RECORD EXTRACTS —
+++

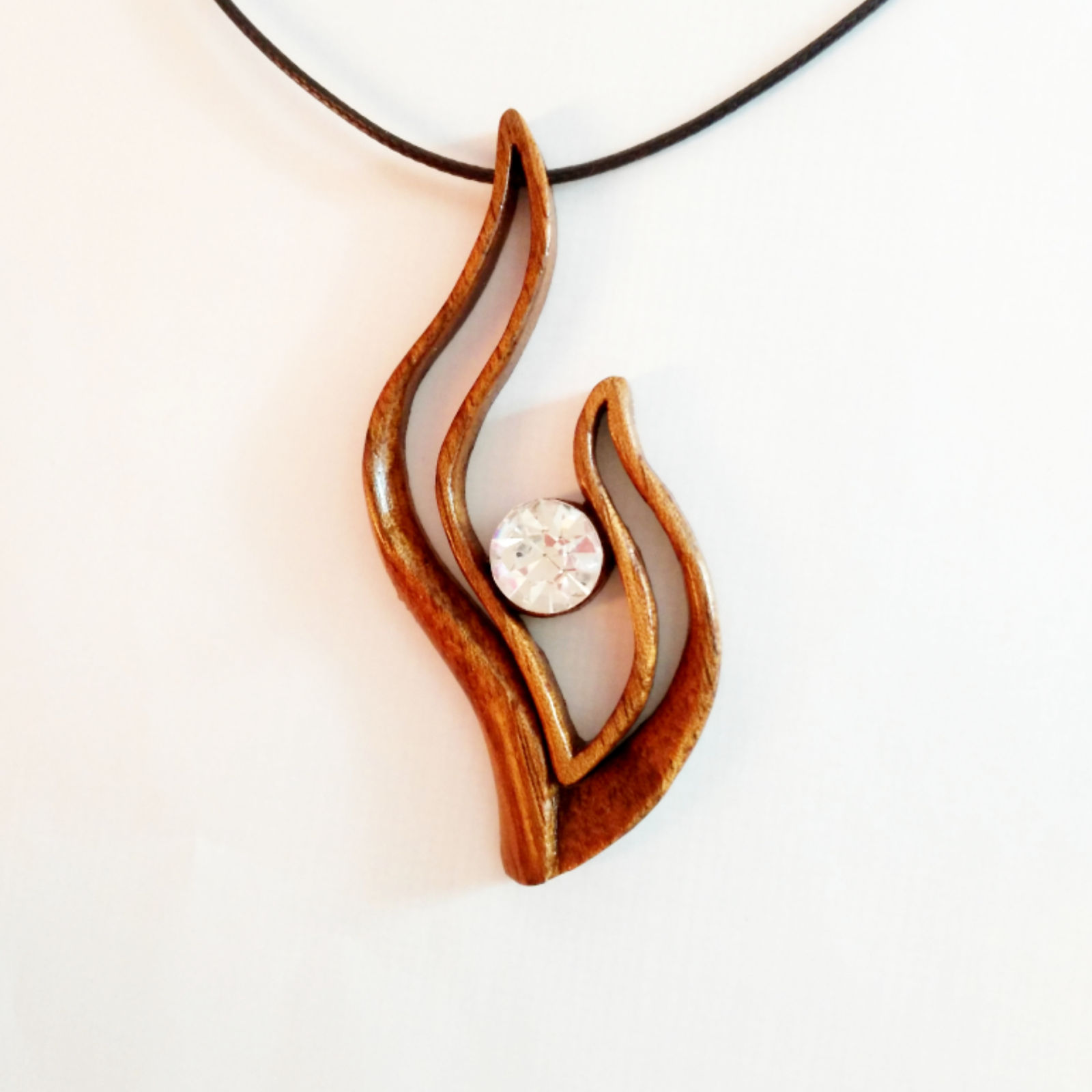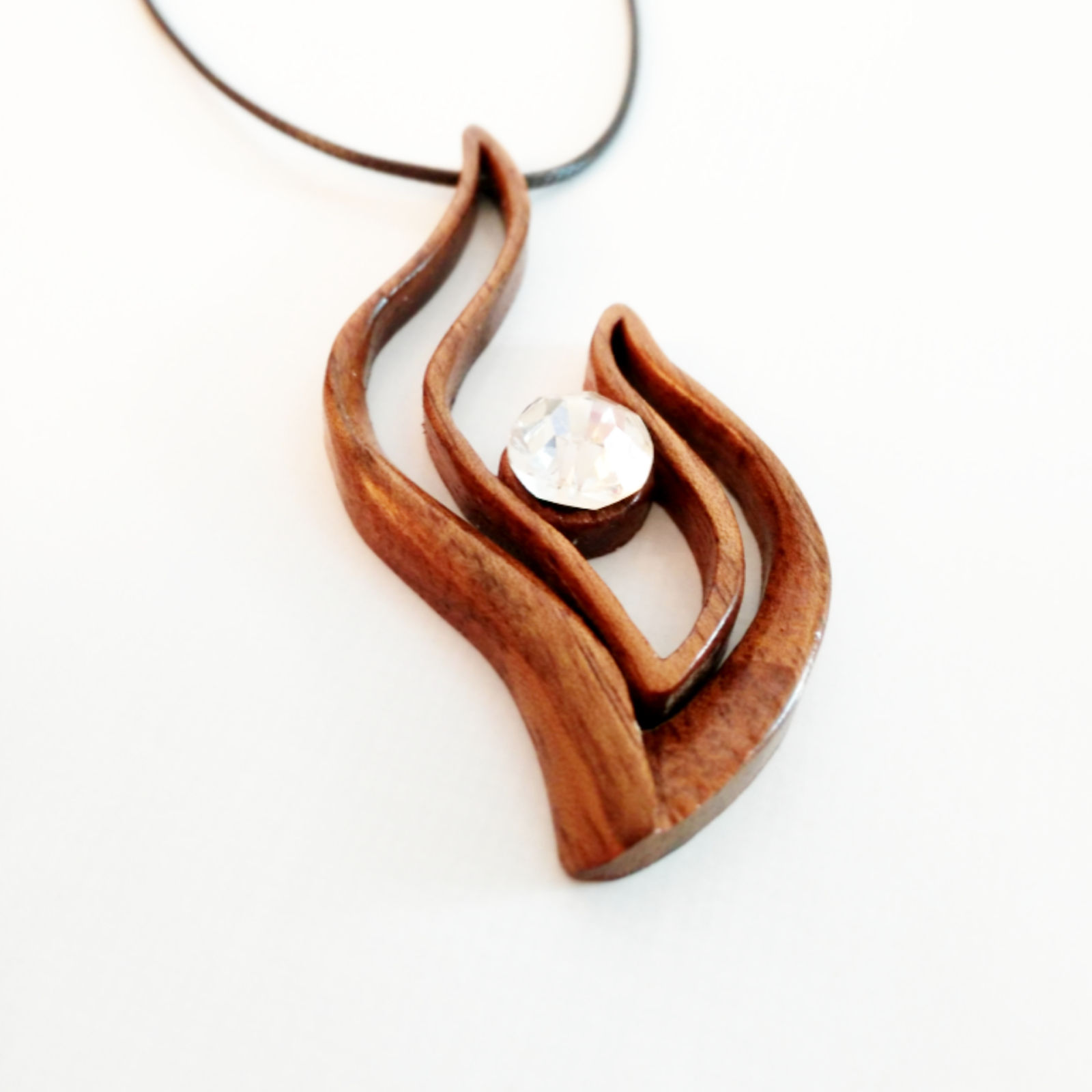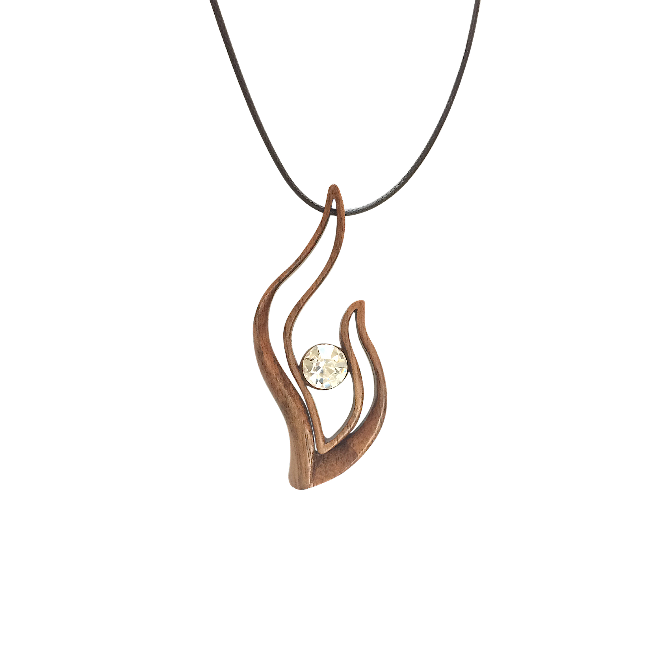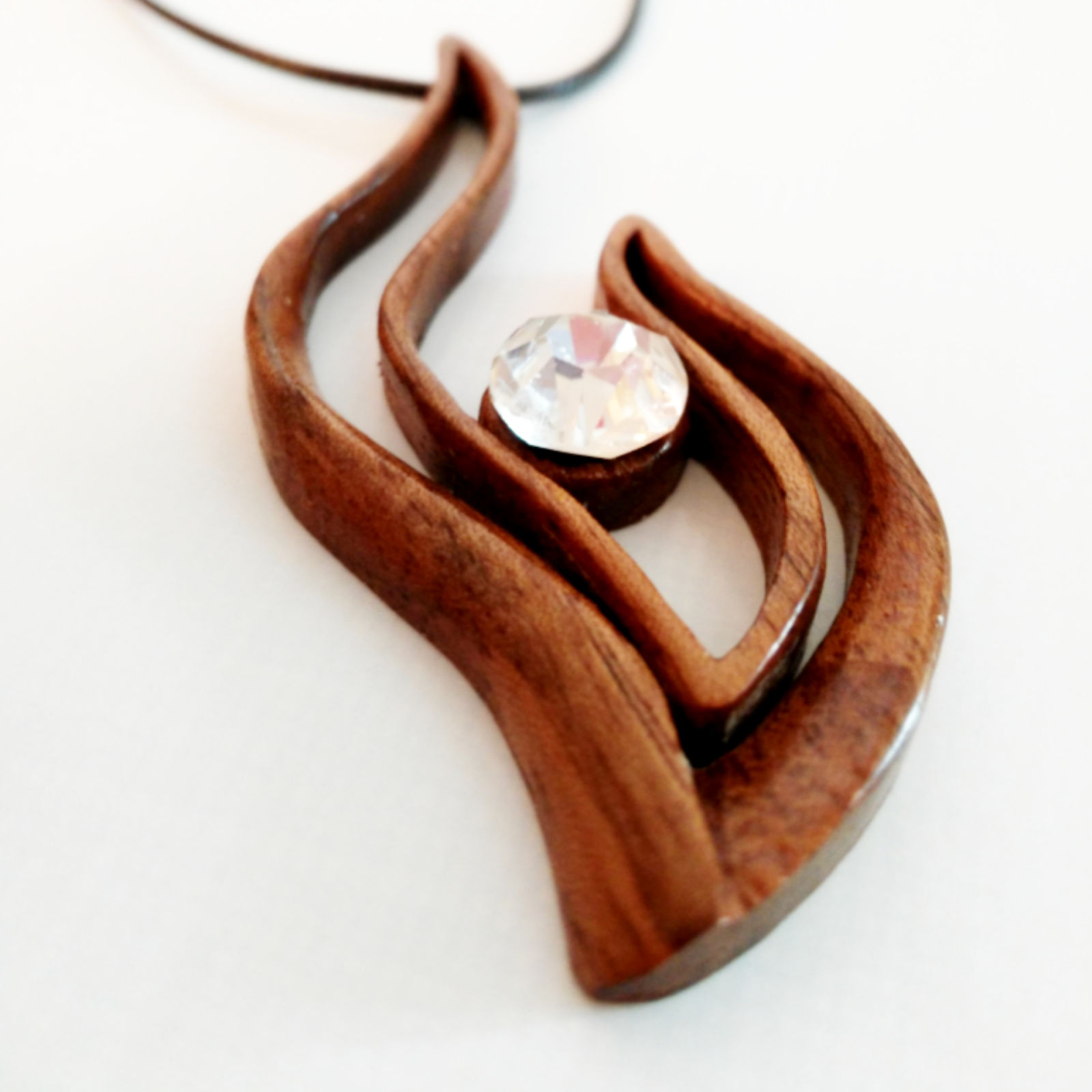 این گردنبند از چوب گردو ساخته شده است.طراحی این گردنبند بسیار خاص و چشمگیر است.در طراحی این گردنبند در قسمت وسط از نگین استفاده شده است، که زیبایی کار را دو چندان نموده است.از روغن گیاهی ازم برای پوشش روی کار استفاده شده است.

+++

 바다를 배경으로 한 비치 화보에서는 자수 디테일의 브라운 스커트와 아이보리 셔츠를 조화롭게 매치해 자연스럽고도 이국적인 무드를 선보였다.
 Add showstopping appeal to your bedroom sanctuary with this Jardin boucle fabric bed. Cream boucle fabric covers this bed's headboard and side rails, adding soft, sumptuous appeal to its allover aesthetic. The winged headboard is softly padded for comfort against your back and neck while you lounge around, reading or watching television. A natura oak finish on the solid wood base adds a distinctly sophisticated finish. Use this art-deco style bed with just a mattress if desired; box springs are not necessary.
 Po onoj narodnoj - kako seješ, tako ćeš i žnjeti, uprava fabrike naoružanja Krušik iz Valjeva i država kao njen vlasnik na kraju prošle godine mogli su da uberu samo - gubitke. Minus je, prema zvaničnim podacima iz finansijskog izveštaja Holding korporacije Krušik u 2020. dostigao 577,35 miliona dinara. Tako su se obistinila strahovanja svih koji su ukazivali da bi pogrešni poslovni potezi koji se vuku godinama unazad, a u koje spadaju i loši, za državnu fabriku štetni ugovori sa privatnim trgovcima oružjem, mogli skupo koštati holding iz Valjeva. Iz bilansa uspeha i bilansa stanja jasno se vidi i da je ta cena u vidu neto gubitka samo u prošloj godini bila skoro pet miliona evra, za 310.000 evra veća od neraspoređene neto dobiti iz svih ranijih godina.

+++

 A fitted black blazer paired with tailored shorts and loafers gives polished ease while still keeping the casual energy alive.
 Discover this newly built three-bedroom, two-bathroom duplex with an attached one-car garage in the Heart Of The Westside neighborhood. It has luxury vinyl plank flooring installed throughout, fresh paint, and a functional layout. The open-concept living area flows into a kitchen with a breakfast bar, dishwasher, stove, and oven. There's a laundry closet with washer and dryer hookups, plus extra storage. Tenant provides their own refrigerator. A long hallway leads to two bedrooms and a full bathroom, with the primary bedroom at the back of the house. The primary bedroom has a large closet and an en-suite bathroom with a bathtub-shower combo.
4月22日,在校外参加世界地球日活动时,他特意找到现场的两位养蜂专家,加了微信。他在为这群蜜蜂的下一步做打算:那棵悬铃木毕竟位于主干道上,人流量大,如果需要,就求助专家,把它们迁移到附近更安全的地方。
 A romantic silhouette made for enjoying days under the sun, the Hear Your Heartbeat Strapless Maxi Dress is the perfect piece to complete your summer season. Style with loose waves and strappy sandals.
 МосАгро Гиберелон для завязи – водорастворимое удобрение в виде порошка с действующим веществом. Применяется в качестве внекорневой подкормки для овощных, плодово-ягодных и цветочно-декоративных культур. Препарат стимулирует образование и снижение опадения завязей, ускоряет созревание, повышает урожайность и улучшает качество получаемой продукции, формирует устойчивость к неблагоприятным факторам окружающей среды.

+++

TASK DESCRIPTION —
Scan the entries above and return each line that holds "while".

TASK RESPONSE —
 Add showstopping appeal to your bedroom sanctuary with this Jardin boucle fabric bed. Cream boucle fabric covers this bed's headboard and side rails, adding soft, sumptuous appeal to its allover aesthetic. The winged headboard is softly padded for comfort against your back and neck while you lounge around, reading or watching television. A natura oak finish on the solid wood base adds a distinctly sophisticated finish. Use this art-deco style bed with just a mattress if desired; box springs are not necessary.
 A fitted black blazer paired with tailored shorts and loafers gives polished ease while still keeping the casual energy alive.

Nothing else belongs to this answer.